Палатка — метров на сорок, натянута на каркас из неошкуренного подтоварника. По обе стороны узкого прохода — сплошные двухъярусные нары. Посередине две печки из железных бочек, накалённые докрасна. Окон нет. На прибитых к столбам полках чадят три коптилки. Дымно, душно и пахнет жжёным тряпьём. В полумраке на нарах возятся какие-то тени; висят, как занавески, корявые вонючие портянки, мокрые бушлаты источают прокисший пар. Те, кто захватил место у печки, поджаривают на палочках остатки пайки, и раздражающе-заманчиво пахнет пригоревшим хлебом.
Мы, человек тридцать, заняли верхние нары, остальных из нашего этапа загнали в соседнюю палатку.

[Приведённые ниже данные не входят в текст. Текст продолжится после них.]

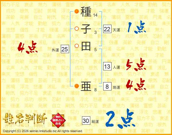 種子田亜さんの人運は13画の5点!

Под нами настывшие сырые доски. От постелей мы давно отвыкли: что на мне, то и подо мною, в чём хожу, в том и сплю, тем и накрываюсь. Тюремные полы были большей частью сухие, а тут сидишь на мокром. Ветер гремит промерзшим брезентом палатки, в узком проходе снуют, копошатся похожие на нетопырей тени, протискиваются к печи, тянут к теплу скрюченные, как черные когти, пальцы. Всё это ожидает и нас. Мы впятером, товарищи по воле и по этапам, умостились рядом.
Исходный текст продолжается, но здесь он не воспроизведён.